Data listing.

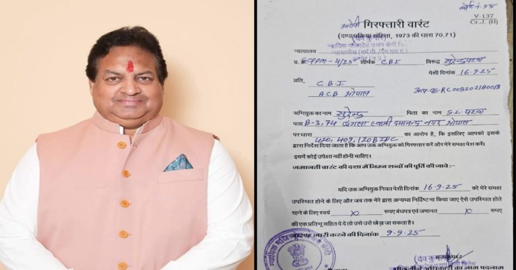 इंदौर की विशेष एमपी-एमएलए कोर्ट ने भोजपुर से बीजेपी विधायक सुरेंद्र पटवा के खिलाफ अरेस्ट वारंट जारी किया है। सुरेंद्र पटवा के SBI समेत कई बैंकों में फर्जी खातों की जानकारी मिली थी। पटवा के खिलाफ 10 दिनों के भीतर दूसरी बार वारंट जारी हुआ है। 29 अगस्त 2025 को पहला वारंट जारी हुआ था। बीजेपी विधायक पटवा को 8 सितंबर को पेश होना था, लेकिन कोर्ट में पेश नहीं हुए।
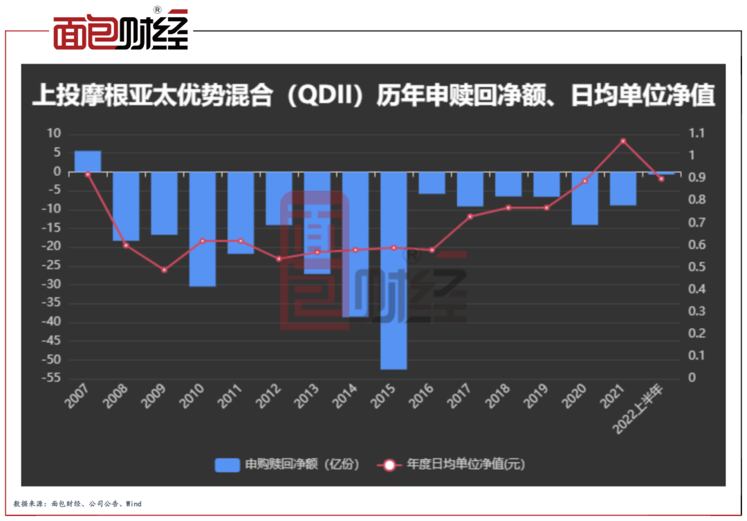 数据显示,上投摩根亚太优势混合(QDII)从2008年开始持续遭遇净赎回。其中,2010年、2014年、2015年为赎回高峰期,分别净赎回30.46亿份、38.57亿份以及52.51亿份。
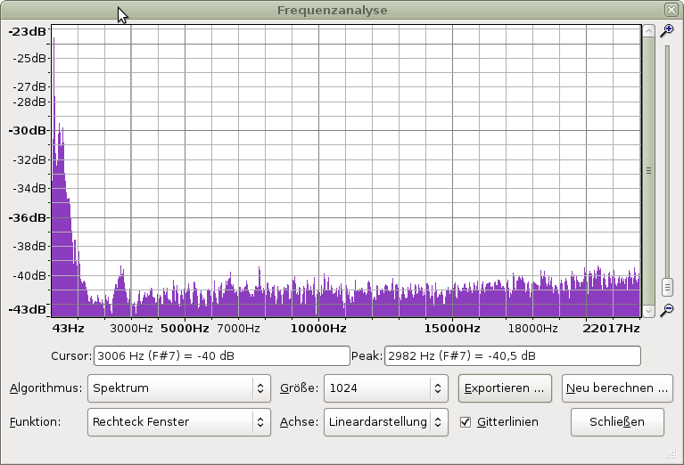 Auch eine FFT Analyse gemacht, keine Auffälligkeiten, nur fast weißes Rauschen mit etwas mehr niederfrequenten Anteilen:
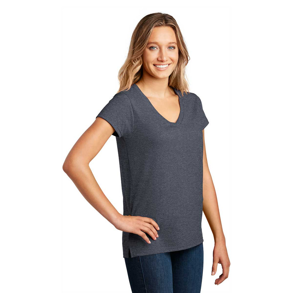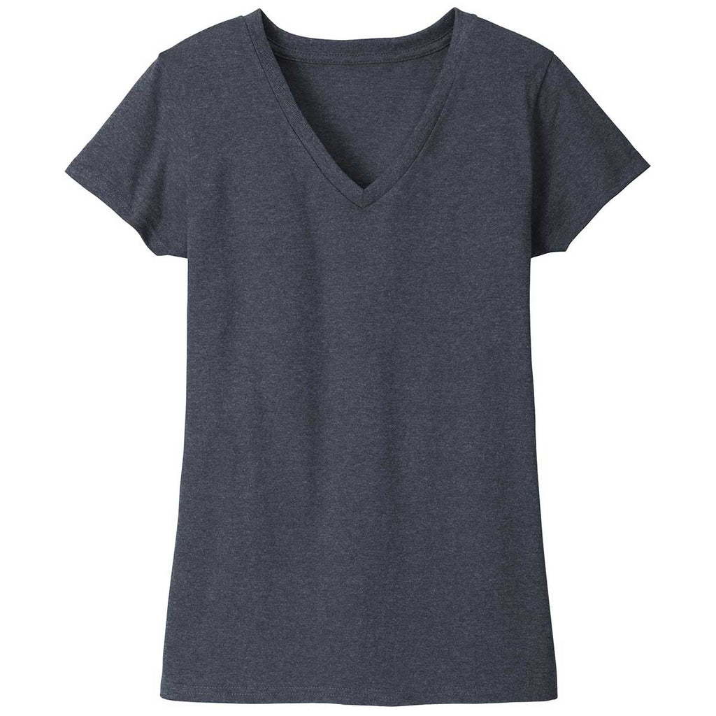 Save the environment with a custom screen print District Women's Heathered Navy Re-Tee V-Neck. This affordable, yet comfortable tee is made of 100% recycled materials. The soft, tagless comfort feels good on and can help you feel good about yourself as you are helping out the environment. Add a company logo to use these V-necks as company uniforms or a corporate logo so these tees can be worn for team events. Side vents on the relaxed fitting tee make sure that mobility is not limited. This is a go to choice for nearly every daily routine. Sit at home relaxing with the family or pair with a sweater for work.Corresponding Men's Style: District Men's Heathered Navy Re-Tee
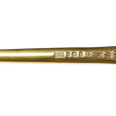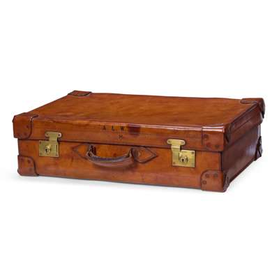in tan leather with reinforced corners and brass hardware, the interior fitted with silver gilt accessories monogrammed ALW with engine turned covers, including jars, brushes, shoehorn, comb, mirror and document folder, marks for Walker and Hall, London 1928-1930
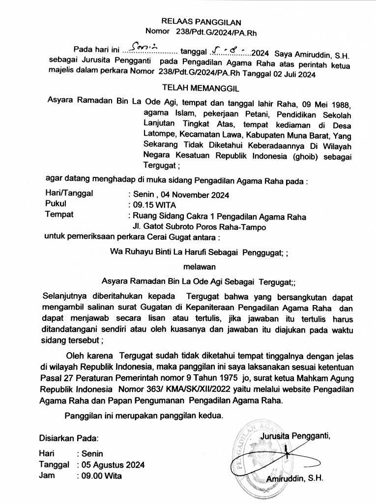 Panggilan Sidang Terguat an. Asyara Ramadan bin La Ode Agi, Perkara Nomor 238/Pdt.G/2024/PA Rh Written by Super User on 05 August 2024. Written by Super User on 05 August 2024. Hits: 70
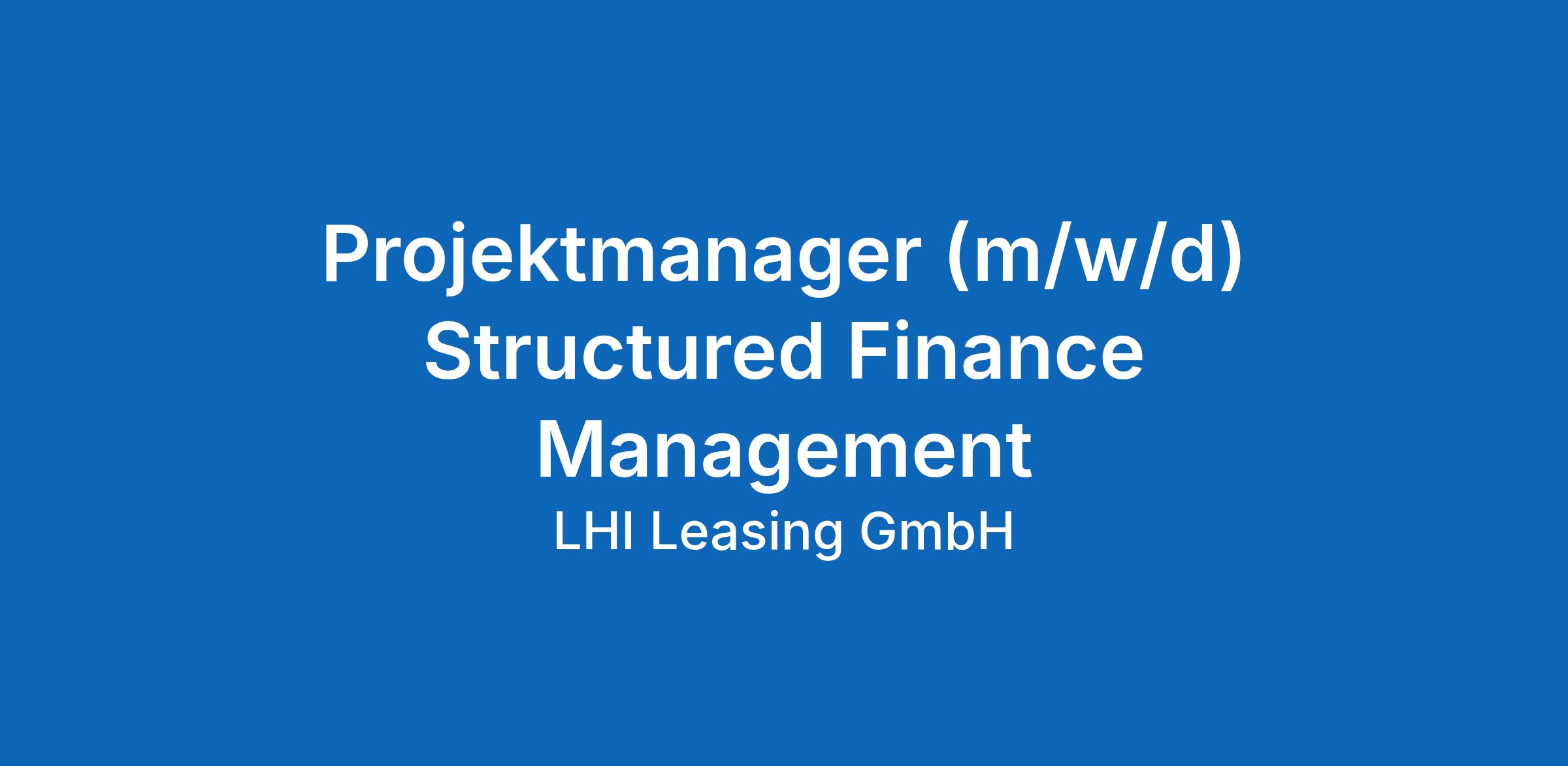 Projektmanager (m/w/d) Structured Finance Management
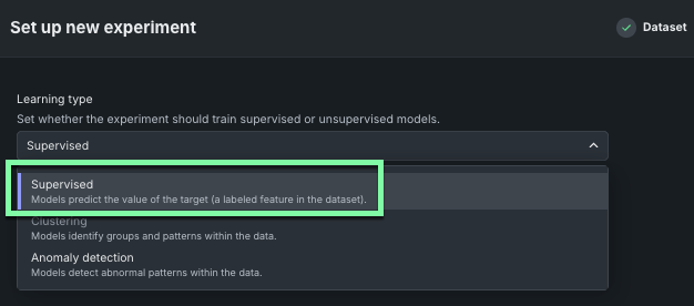 After DataRobot prepares the dataset, you can create a new experiment with the data. First, use the Learning type dropdown to select the type of experiment you want to run, Supervised or Unsupervised (see more about the different learning types in the predictive experiments documentation).
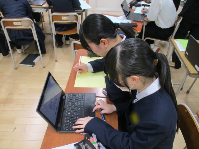 一人一人が、責任をもって調べています。調べた内容を掲示物で発表する予定なので、見やすく分かりやすい紙面にするためのアイデアや工夫について仲間と相談する姿も見られます。
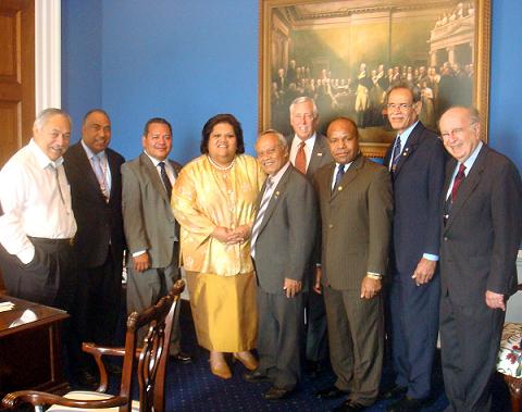 "Our meeting provided an excellent chance to discuss the key issues affecting U.S. relations with the Pacific Islands and the matters before the U.S. Congress having the greatest impact on the Pacific. In consultations the group held with Democratic Majority Leader, Rep. Steny Hoyer, as well as with Rep. Sablan of the Northern Mariana Islands, Rep. Berkley of Nevada, Rep. Engel of New York, Rep. Flake of Arizona and Rep. Watson of California, they had a chance to address these issues and stress the importance of refining and upgrading provisions of the Waxman Markey bill (the climate change legislation currently before Congress) designed to assist Pacific Islands and other vulnerable societies deal with the impacts of global warming," said Faleomavaega.
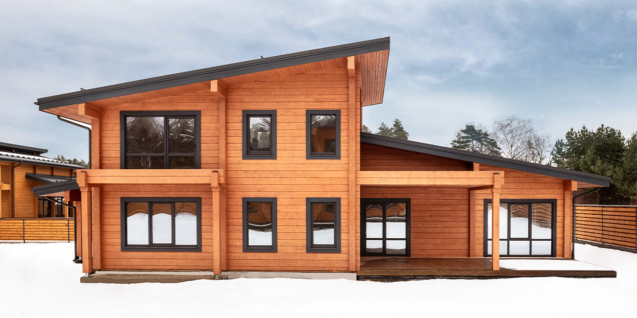 Фасад дома северного модерна в употреблении декоративных элементов графичный и сдержанный. Их основная примета — это отделка фасадов с сочетанием искусственных и естественных материалов отделки.

Exercise goal. Print the listing verbatim, images excluded.

Final answer.
 इंदौर की विशेष एमपी-एमएलए कोर्ट ने भोजपुर से बीजेपी विधायक सुरेंद्र पटवा के खिलाफ अरेस्ट वारंट जारी किया है। सुरेंद्र पटवा के SBI समेत कई बैंकों में फर्जी खातों की जानकारी मिली थी। पटवा के खिलाफ 10 दिनों के भीतर दूसरी बार वारंट जारी हुआ है। 29 अगस्त 2025 को पहला वारंट जारी हुआ था। बीजेपी विधायक पटवा को 8 सितंबर को पेश होना था, लेकिन कोर्ट में पेश नहीं हुए।
 数据显示,上投摩根亚太优势混合(QDII)从2008年开始持续遭遇净赎回。其中,2010年、2014年、2015年为赎回高峰期,分别净赎回30.46亿份、38.57亿份以及52.51亿份。
 Auch eine FFT Analyse gemacht, keine Auffälligkeiten, nur fast weißes Rauschen mit etwas mehr niederfrequenten Anteilen:
 Save the environment with a custom screen print District Women's Heathered Navy Re-Tee V-Neck. This affordable, yet comfortable tee is made of 100% recycled materials. The soft, tagless comfort feels good on and can help you feel good about yourself as you are helping out the environment. Add a company logo to use these V-necks as company uniforms or a corporate logo so these tees can be worn for team events. Side vents on the relaxed fitting tee make sure that mobility is not limited. This is a go to choice for nearly every daily routine. Sit at home relaxing with the family or pair with a sweater for work.Corresponding Men's Style: District Men's Heathered Navy Re-Tee
in tan leather with reinforced corners and brass hardware, the interior fitted with silver gilt accessories monogrammed ALW with engine turned covers, including jars, brushes, shoehorn, comb, mirror and document folder, marks for Walker and Hall, London 1928-1930
 Panggilan Sidang Terguat an. Asyara Ramadan bin La Ode Agi, Perkara Nomor 238/Pdt.G/2024/PA Rh Written by Super User on 05 August 2024. Written by Super User on 05 August 2024. Hits: 70
 Projektmanager (m/w/d) Structured Finance Management
 After DataRobot prepares the dataset, you can create a new experiment with the data. First, use the Learning type dropdown to select the type of experiment you want to run, Supervised or Unsupervised (see more about the different learning types in the predictive experiments documentation).
 一人一人が、責任をもって調べています。調べた内容を掲示物で発表する予定なので、見やすく分かりやすい紙面にするためのアイデアや工夫について仲間と相談する姿も見られます。
 "Our meeting provided an excellent chance to discuss the key issues affecting U.S. relations with the Pacific Islands and the matters before the U.S. Congress having the greatest impact on the Pacific. In consultations the group held with Democratic Majority Leader, Rep. Steny Hoyer, as well as with Rep. Sablan of the Northern Mariana Islands, Rep. Berkley of Nevada, Rep. Engel of New York, Rep. Flake of Arizona and Rep. Watson of California, they had a chance to address these issues and stress the importance of refining and upgrading provisions of the Waxman Markey bill (the climate change legislation currently before Congress) designed to assist Pacific Islands and other vulnerable societies deal with the impacts of global warming," said Faleomavaega.
 Фасад дома северного модерна в употреблении декоративных элементов графичный и сдержанный. Их основная примета — это отделка фасадов с сочетанием искусственных и естественных материалов отделки.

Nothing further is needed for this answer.